Conclusion of this pilot study was that diagnostic information finding by nuclear cardiology (perfusion and function) suggested significantly positive therapy effects HBO and Erythropoietin in the therapy of heart failure ischemic and non-ischemic origin.
Case report 1. Patient female with multi vessel disease by coronarography
Case report 2. Male with non-ischemic heart failure
SPECT scan performed before HBO = EPO therapy
Radionuclide venticulography performed before and after HBO = EPO therapy when we seen the greatest increase of LVEF with improve wall motion and regional kinetics
The field of cardiovascular imaging is changing. In one hand, myocardial perfusion imaging is a well/established clinical technique for the diagnostic and prognostic workup of coronary artery disease. It has been the mainstay of nuclear cardiology for decades. On the other hand, several alternative imaging methodologies for noninvasive functional assessment of ischemic heart disease have emerged, and noninvasive coronary angiography is becoming a clinical reality. Nuclear imaging technology has progressed significantly toward higher sensitivity and resolution, and novel, highly specific radiotracers have been introduced. These developments are indicator of steady evolution of nuclear cardiology beyond the assessment of myocardial perfusion and toward characterization of biologic events on the tissue level. It is hoped that radiotracers techniques, with their unique translational potential and their superior detection sensitivity, will take a leading role in personalized cardiovascular medicine, in which therapeutic and/or preventive strategies are based on individual disease biology. The value of more specific imaging targets, which are increasingly entering clinical practice. This includes imaging of heart failure, absolute quantification of myocardial blood flow, imaging of myocardial metabolism, and imaging of the cardiac autonomic nervous system.

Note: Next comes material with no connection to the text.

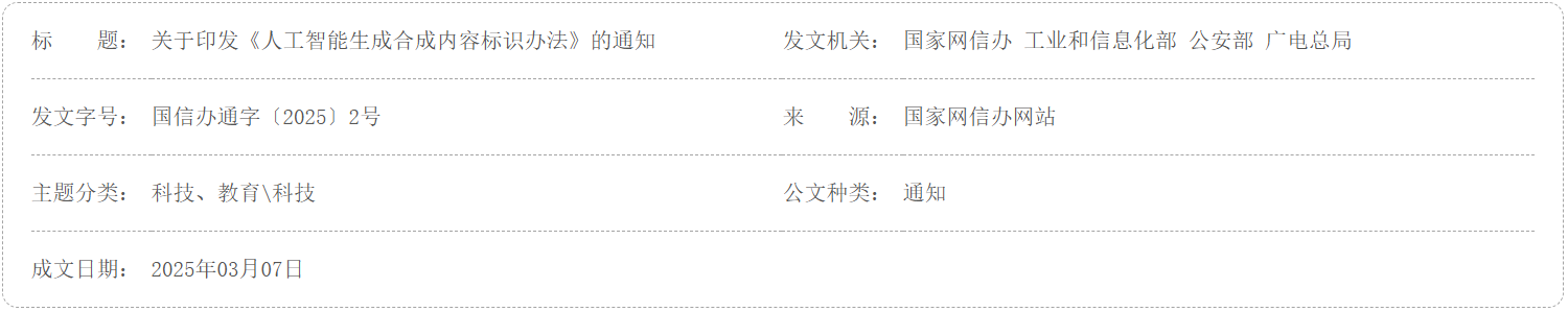 关于印发《人工智能生成合成内容标识办法》的通知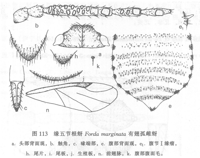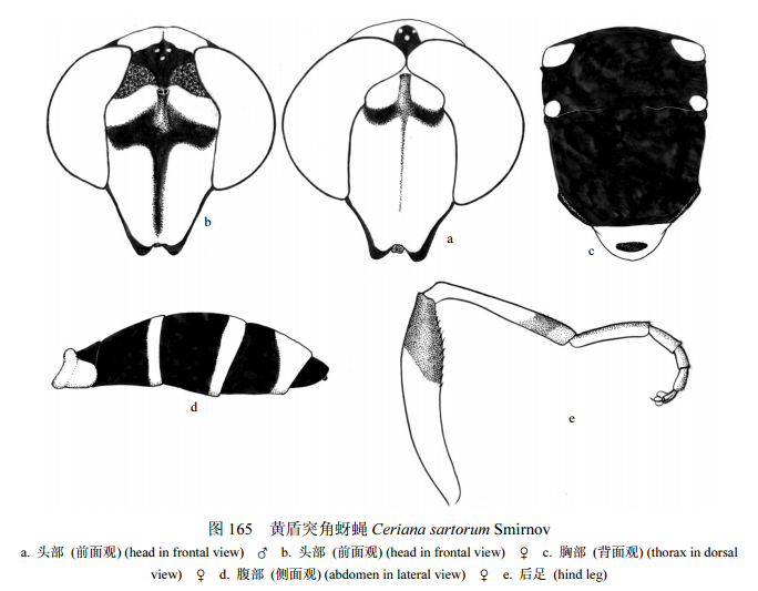 雄性 额黄色,前端褐色;颜最宽处为头宽之半,黄色,正中黑纵条达触角基部下方,宽为颜宽的1/4-1/5。触角黑色,第3节长于基部两节之和;芒棕黄色。中胸背板黑色,具明显刻点,中部具1对不明显的灰色纵条,两侧黄色纵条较宽,纵条在盾沟处断裂;小盾片全黄色;侧板黑色...

The goal of this chapter is to provide the reader with a comprehensive overview of the most recent development in nuclear cardiology, in the era of interventional cardiology. It is hoped that the reader, after going through this article, will share the enthusiasm of the author for this discipline, which holds the potential to be a key component in the new paradigm of early detection coronary artery disease for indication for interventional cardiology, as well as assessment new therapeutic effect (HBO + EPO) of heart failure.